No, not necessarily. So you should always insist on a deposit before you start and, whatever you do, don’t give your clients the final draft before they’ve done this.

But clients can still disappear without settling the full amount. This didn’t happen often to me, but it does happen. It means you may spend weeks on a job that wasn’t very well paid to start with, with no money in your account to live on until the client settles up, and even then you still don’t get the full amount.

You’re no more guaranteed a client will pay an invoice in full than outside a content mill.

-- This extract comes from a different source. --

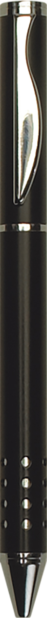 Unique brass barrel cutouts reveal high shine chrome accents. Pen includes premium black ink cartridge.
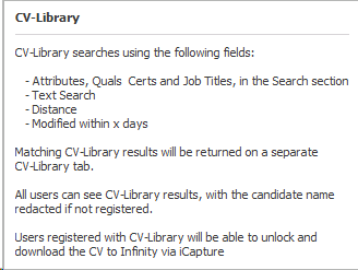 NOTE: - all users will be able to review redacted CV's, CV Library account will be required to view full CV's and import them into iCapture, you will need to notify CV Library to enable the CV Library Search API, contact your Client Response Co-ordinator or email support@cv-library.co.uk

Myth 2: you’ll be guaranteed lots of work in your area of expertise

Yes, possibly but only if you’re willing to work for very little, so it’s a false economy. You’ll do poorly paid jobs and rush to finish them because you need to be paid, then you’ll start the next one and you’ll have to rush that one too. (Because you’re skint after the last job, and you have no money left in the bank because you’re being paid so little.)

You won’t necessarily get loads of jobs either, unless you’re on those sites from sunrise to sunset competing with other copywriters who are always willing to do the job for even less. So, in the end, you’ll just be treading water.

And while all this is happening, your confidence is ebbing away and your self-esteem is taking a nose dive. It’s just one poorly paid job after another, with no sustainable income and no long-term clients. That takes me to my next myth.

Myth 3:  you get to know the clients and develop a good working relationship with them

Because jobs are done and paid for so quickly, it’s hard to develop a long-term client relationship. This means it’s also hard to get to know the brand or their audience in any meaningful way. And how can you know whether or not your work’s achieved what it was supposed to when the client disappears and you never hear from them again?

Yes, often clients will work with you outside of the site and you can work with them for longer. But the main disadvantage of doing this is that your mindset is already set in concrete. You were willing to work cheaply on the site, so why would you start charging more now? And if you’re cheap on the site, then they’ll expect you to be cheap when you’re working outside of it too. So you’re permanently stuck working for very little.

I’m not suggesting this is everyone’s experience. Content mills can be great when you’re a newbie, and when you’re experiencing a fallow period in those first few shaky years. Or if you’ve had some time away from work and you’re returning to the fray. They have their place and they provide a service – of sorts.

What you can do instead of using content mills

If you’re seriously thinking of building a full-time career as a copywriter, getting to know your craft, and having long-term, rewarding working relationships, you’re not going to do it on content mills. They’re merciless conveyor belts of cheap work and short-term relationships.

Yes, everyone does short-term jobs occasionally and they can be great fun. But you should be looking for retainer clients and long-term work that pays you what you’re worth. As Andy Maslen says in his post Why are female copywriters paid 29% less than men?  even his window cleaner can clear £300 on a good day. You should be aiming higher.

So how can you get off these spirit sapping conveyor belts of poorly paid jobs, and find better work and better clients?

By networking. I’m painfully shy, so I’m not a fan of networking in person. If you’re not keen on offline networking either, there are plenty of platforms, Facebook groups, and other online groups and forums where you can meet like-minded people who may be able to pass on work to you at some point. (Procopywriters is just one example.)

LinkedIn is a great one. It’s not one of my favourite platforms, but it can be extremely useful. So reach out, because there are clients there.

Guest blog and get your name out there so people can see what you can do. Look out for referrals from other writers, because by networking and guest blogging, people will remember you.

Try podcast appearances where you can talk about your copywriting, goals, achievements, career highs so far and what you specialise in, if anything. It’s all about reaching out and finding the type of clients you want to work with.

It’ll be tough getting away from content mills but, in the end, you’ll be glad you did.